The issue-specific approach is potentially wiser because it permits society to align legal responsibilities and privileges with people’s abilities and needs. However, in practice we create legal boundaries for a complex mix of political and practical reasons, which frequently lead to laws that make little sense. Surely no one thinks it’s easier to handle a car than a beer. But some 16-year-olds need to drive because public transportation is limited in most parts of the country, and the drinking age is 21 in part because we worry about young people drinking and driving. (Actually, countries with a higher driving age but a lower drinking age have far safer highways than we do.)

If we used the science of adolescent development to guide our thinking about the age of majority, we might reach different conclusions about when to extend adult privileges to young people. The voting age is a case in point.

Science does not point to an obvious chronological age at which a bright-line legal boundary between adolescents and adults should be drawn for all purposes, but it is instructive. Most aspects of emotional and intellectual maturity reach adult levels sometime between 15 and 22. Adolescents’ judgment in situations that permit measured decision-making and consultation with others — what psychologists call “cold cognition” — is just as mature as that of adults by 16. In contrast, adolescents’ judgment in situations that evoke “hot cognition” — situations in which their emotions are aroused, time pressure is a factor and they are in groups — is not fully mature until they are older, certainly no earlier than 18 and maybe as late as 21.
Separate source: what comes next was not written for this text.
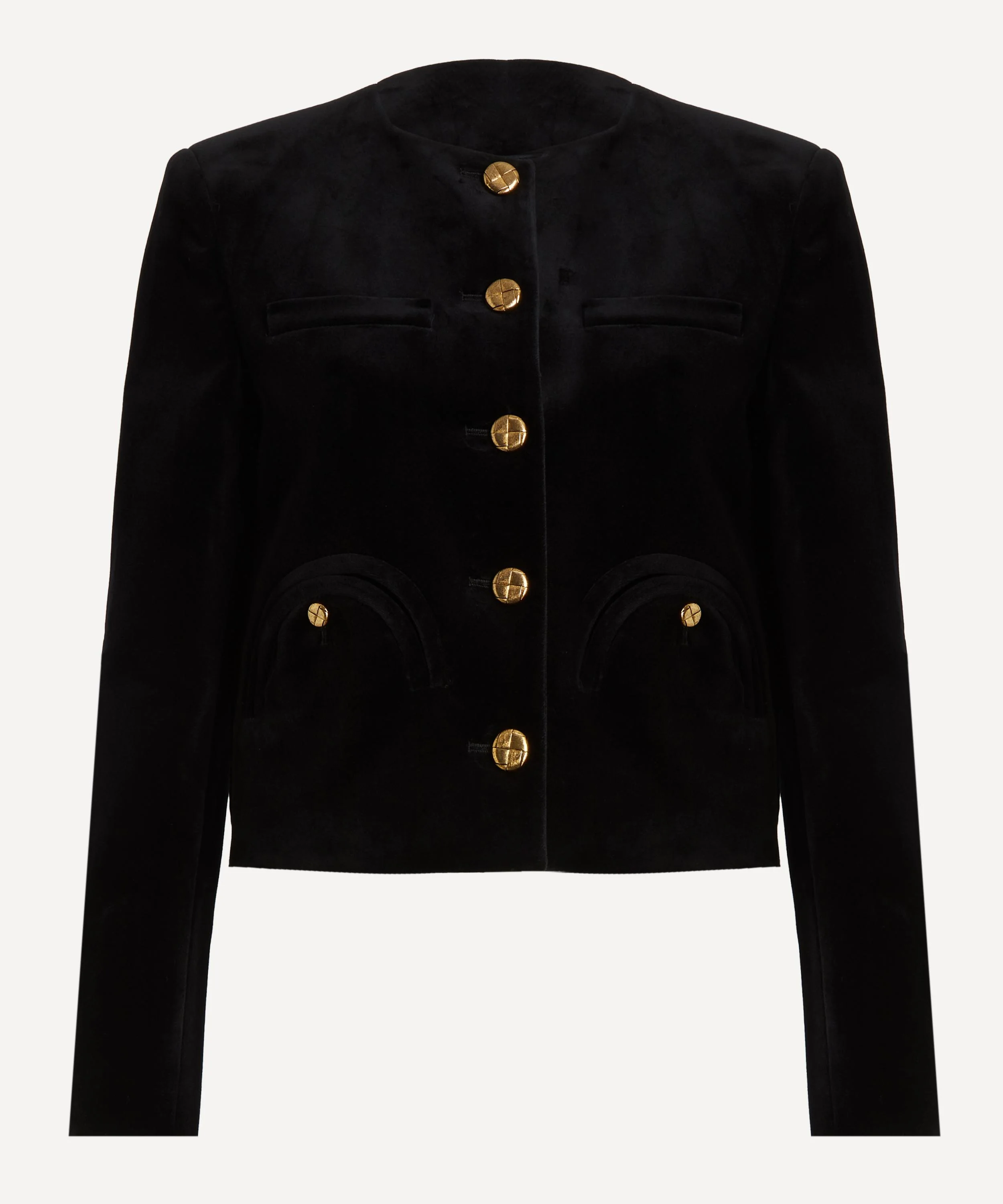 DETAILS Cotton velvet bolero jacket Slim fit Cropped length Structured shoulders Round neckline Button closure Buttoned cuffs Chest welt pockets Buttoned ‘Smiley’ pockets Decorative gold buttons Lined Made in Italy SIZE & FIT Model is 178.5cm/5'10" ; Chest: 77.5cm; Waist: 58.5cm; Hips: 86cm and wears a size 1 COMPOSITION & CARE 100% Cotton Lining: 100% Viscose Dry clean

If science were an important consideration in setting the age of majority — as I think it should be — a reasonable starting point would be to distinguish between two sets of laws: those for activities that involve cold cognition and those for ones involving hot cognition. Cold cognition is relevant to matters such as voting or granting informed consent for medical procedures, for example. Adolescents can gather evidence, consult with others and take time before making a decision. Adolescents may make bad choices, but statistically speaking, they won’t make them any more often than adults.
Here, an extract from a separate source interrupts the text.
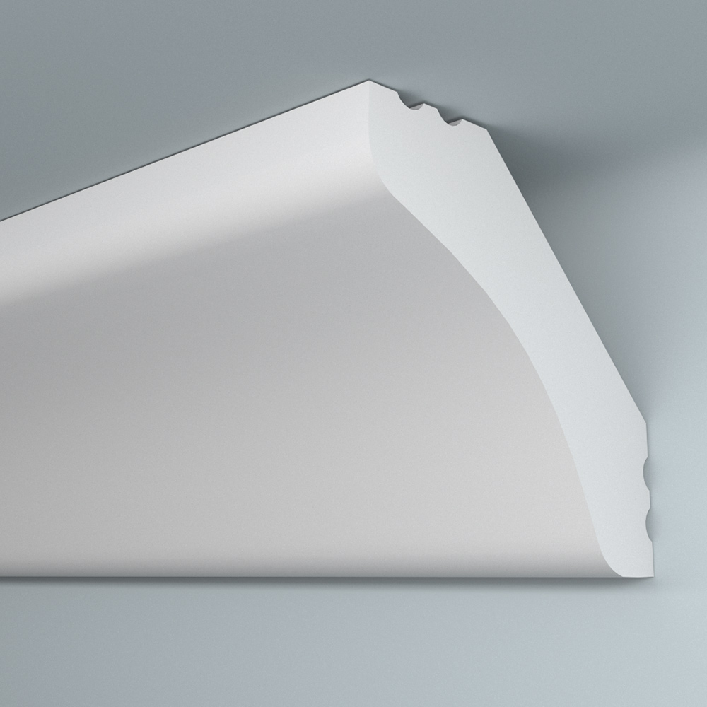 Предназначен для внутренней декоративной отделки жилых помещений. Классическая модель плинтуса имеет высокую плотность, гладкую матовую поверхность. Оптимальная плотность потолочного плинтуса обеспечивает однородность структуры, а незначительный вес создает дополнительные удобства при монтаже. Не требует обязательной окраски. Крепится к стене и потолку при помощи шпаклевки или жидких гвоздей.
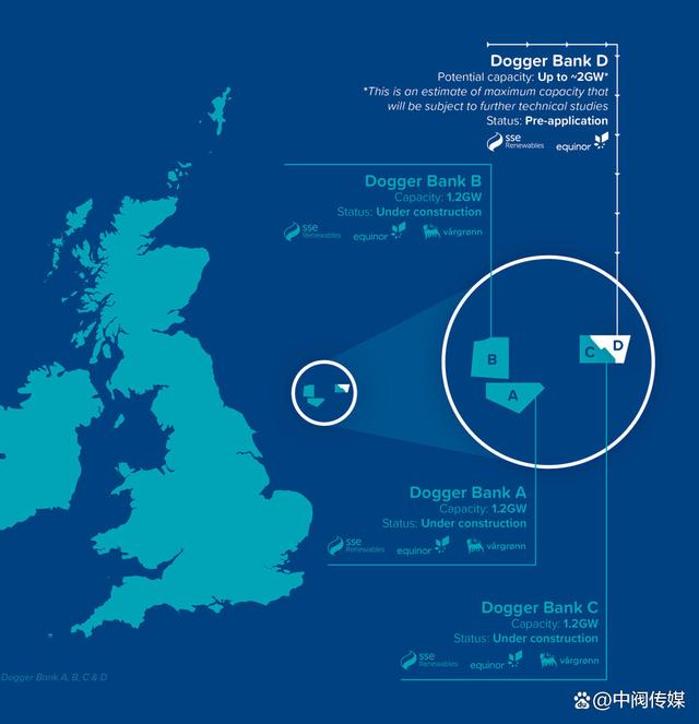 Dogger Bank,全球最大的在建海上風電場,正在進行令人矚目的第四期場址建設擴張,名為Dogger Bank D。此項擴建計劃意味著將安裝更多的風機和海上平臺,總容量將達到5.6GW,這將進一步推動全球可再生能源的發(fā)展,同時也為歐洲各國提供了新的電力供應解決方案。

A later age of majority is more sensible for matters that involve hot cognition, such as driving, drinking and criminal responsibility. Here the circumstances are usually those that bring out the worst in adolescents’ judgment — they frequently pit the temptation of immediate rewards against the prudent consideration of long-term costs, and occur when people are emotionally aroused, and are influenced by their peers. For these sorts of matters, the age of legal adulthood ought to be 18.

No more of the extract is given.